*** MATERIAL PROVIDED ***
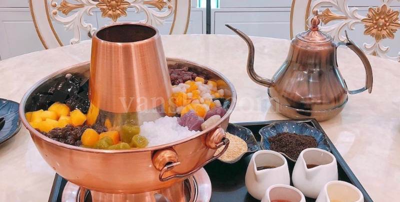 他们装芋圆的容器还是传统的火锅,珍珠、芋圆、西米等全部都围城一圈,倒下浓郁的鲜奶。
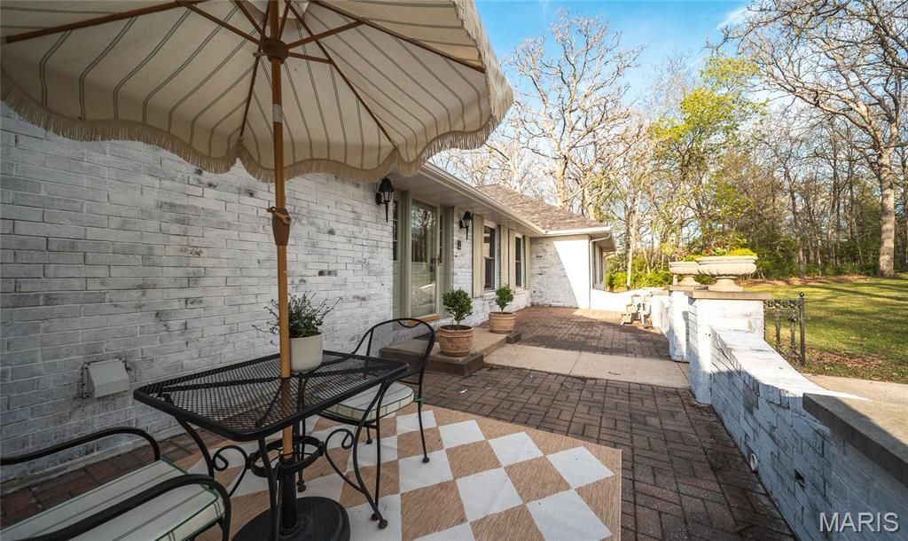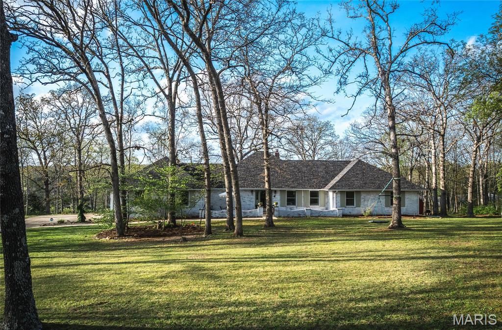 Some homes are updated. This one was reimagined.Tucked beneath a canopy of mature oaks on Meadowview Lane, this white brick ranch has been transformed with a level of craftsmanship rarely seen in Phelps County. Step through the iron entry gate into the courtyard-style front entry and something immediately feels different. This home was loved well and invested in deeply, and it shows in every room.The kitchen is extraordinary. A wall was removed, a steel beam installed, and what was created stops people in their tracks. Custom cabinetry, Taj Mahal quartzite countertops and full slab backsplash, a custom solid wood range hood, unlacquered brass hardware that will only grow more beautiful as it develops its natural patina, a farmhouse sink with a brass bridge faucet, open wood shelving, and brass pendant lighting. Just off the kitchen, the butler's pantry offers butcher block and custom cabinetry that provides the storage you actually need. This kitchen belongs in a design publication. The dining area wraps in windows on two sides, pulling in natural light all day and looking out into the mature trees. The open flow between these spaces is seamless and warm.A large covered deck extends the living space outside, made for morning coffee and summer gatherings, surrounded by native plantings including hydrangeas, dappled willows, lenten roses, coneflower, and yarrow, beautiful and low maintenance year after year.Every major system has been addressed and done right. New Owens Corning architectural roof in 2024. New HVAC inside and out in 2021. New high-efficiency heat pump water heater in 2024. Radon mitigation completed in 2025. Bathrooms updated in 2026. New Mohawk Air.O hypoallergenic carpet. New gutter screens. Fresh paint throughout. Smart home lighting. Abode security system. Both well access and Phelps County Water Supply District No. 2 connection, with an owned water softener already in place.This is the one people call about the next morning. Come see it before someone else does.
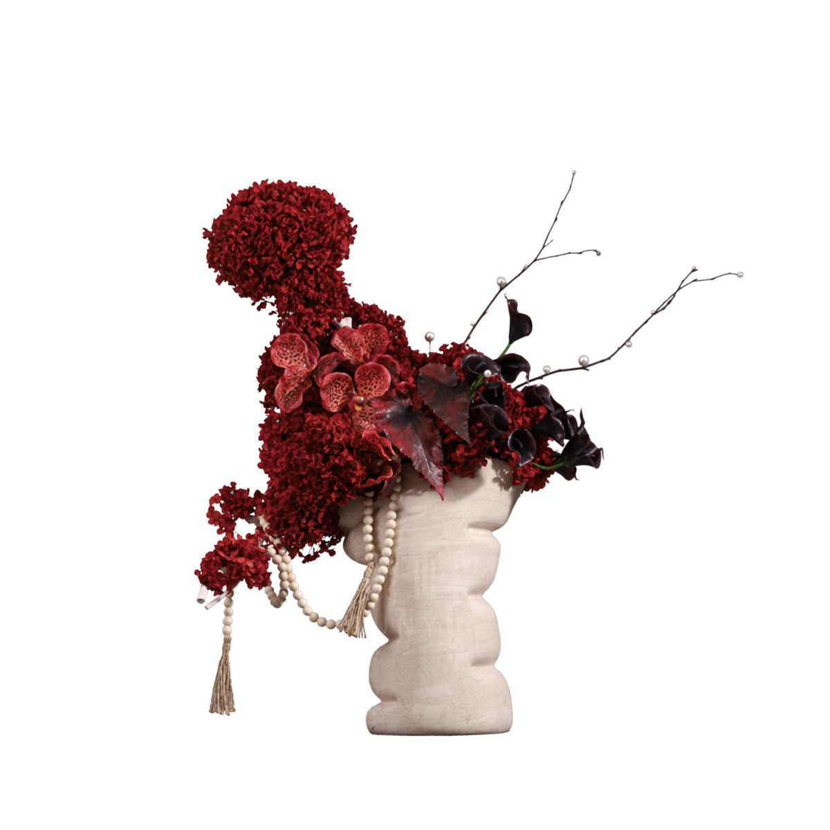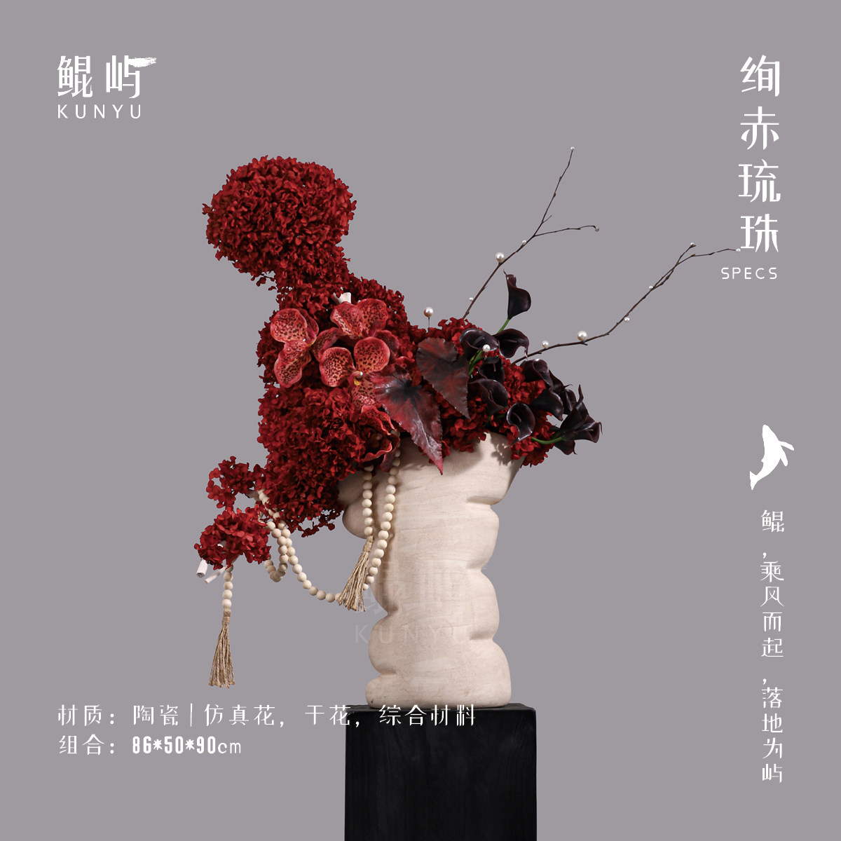 鲲屿 新中式红色系仿真花艺【绚赤琉珠】样板间酒店民宿玄关摆件
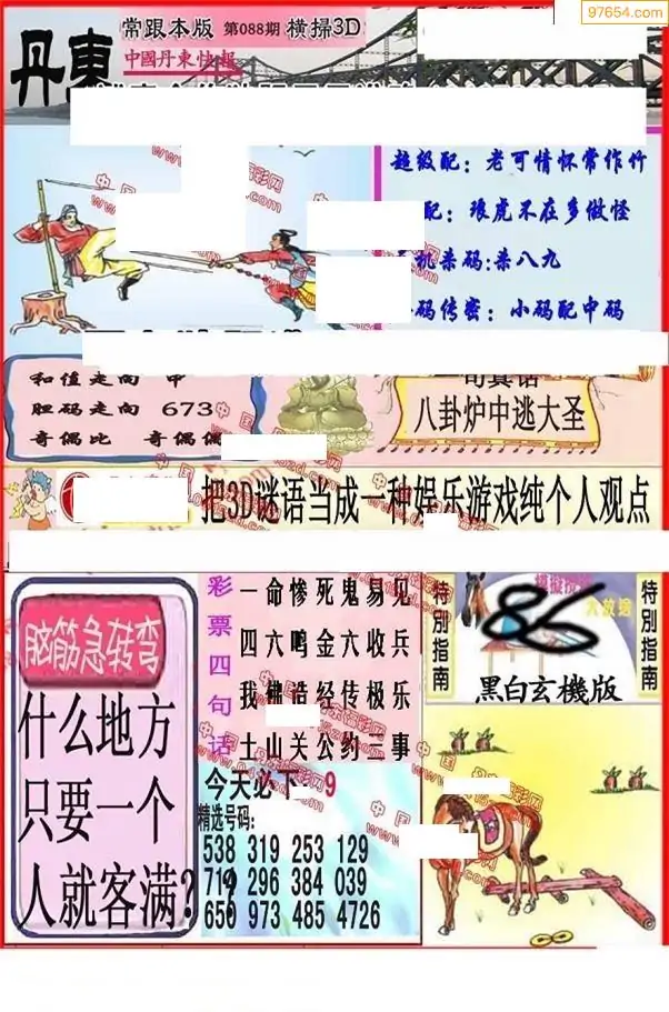 088期3D牛彩预测报+彩吧字谜报
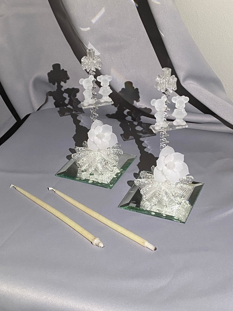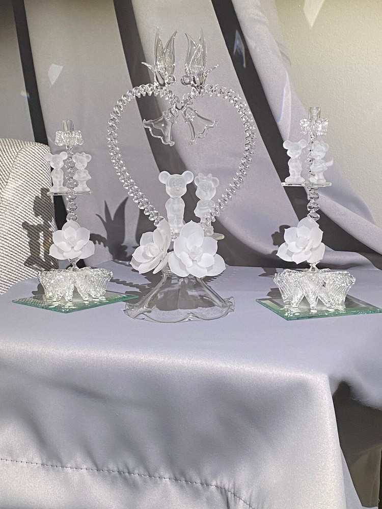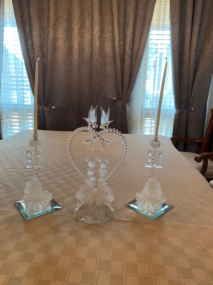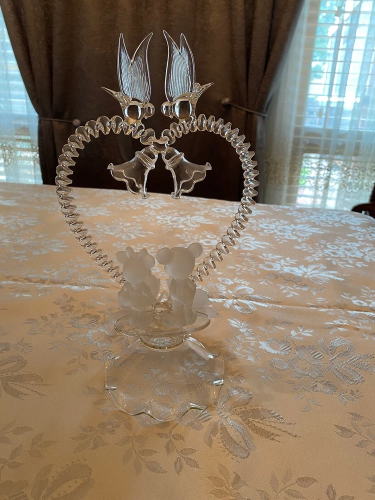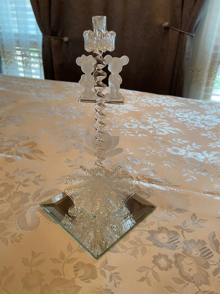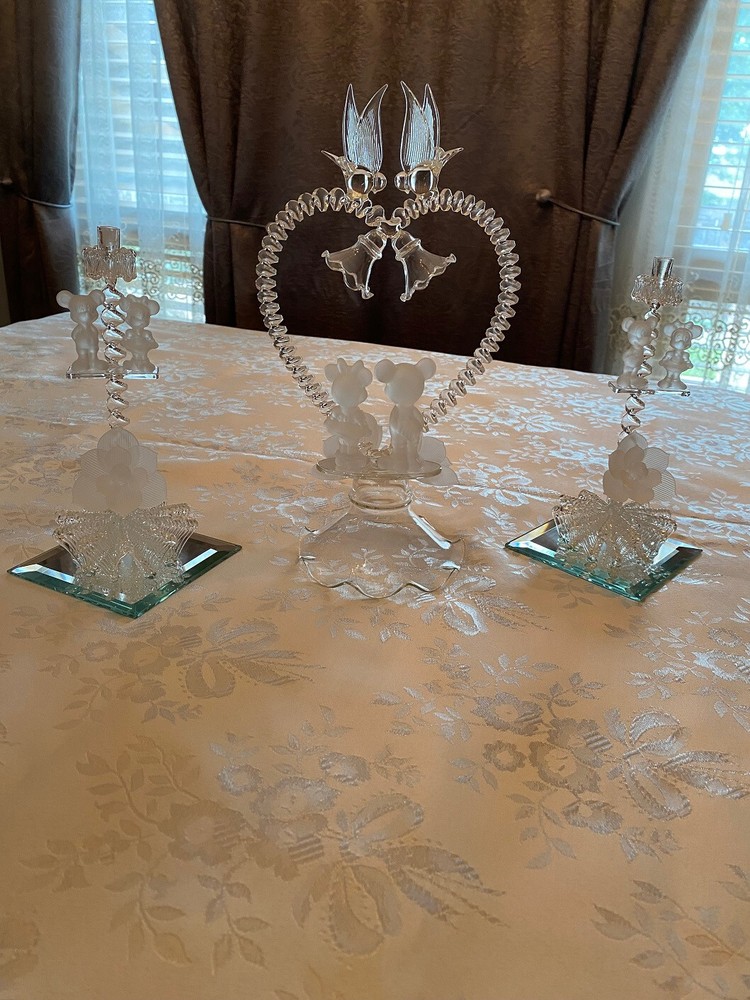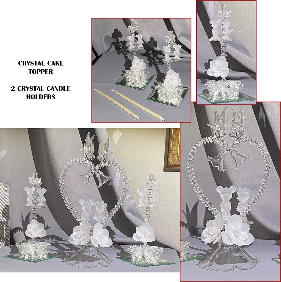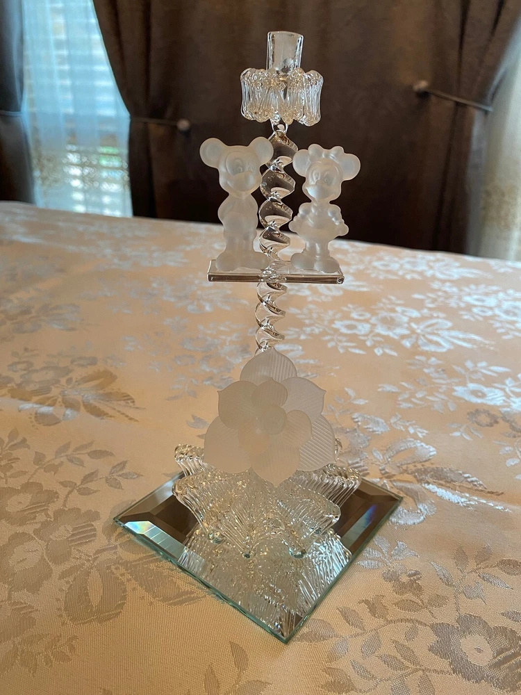 You will love this extremely rare Disney Mickey/Minnie Mouse spun glass wedding cake topper set which includes matching candle holders on a mirror base and tapered white candles, perfect for celebrating a wedding or anniversary. The cake topper features Mickey and Minnie Mouse, a couple of beloved characters from the Disney franchise, and stands at a height of 11-3/4 inches and is 6-1/4 inches at it's widest point. The base measures a diameter of 5 inches. The candle holders are 8-1/2 inches tall without the candles, the white candles (included) are 8 inches tall, and the mirrored base measures 4 inches square. The cake topper is adorned with two flowers at the bottom and two bells and two birds on the top. The candle-holder features a spun glass bottom on a mirror base and is also adorned by one flower and the adorable Mickey/Minnie Mouse pair. Created by the talented artists at the Disneyland glass blower gift shop in Anaheim, California, USA in 1997, this exquisite collectible set is a nostalgic and charming addition to any Disney lover's collection. This set (Mickey/Minnie Mouse topper, candle holders, and white candles) is preowned and has never been used.
*** End of MATERIAL PROVIDED ***
#### WHAT IS EXPECTED
Keep to the stretch from the line containing "鲲屿 新中式红色系仿真花艺【绚赤琉珠】样板间酒店民宿玄关摆件" through the line containing "088期3D牛彩预测报+彩吧字谜报", both ends included, and copy it exactly from the listing above, minus the pictures.

#### SOLVED EXERCISE
 鲲屿 新中式红色系仿真花艺【绚赤琉珠】样板间酒店民宿玄关摆件
 088期3D牛彩预测报+彩吧字谜报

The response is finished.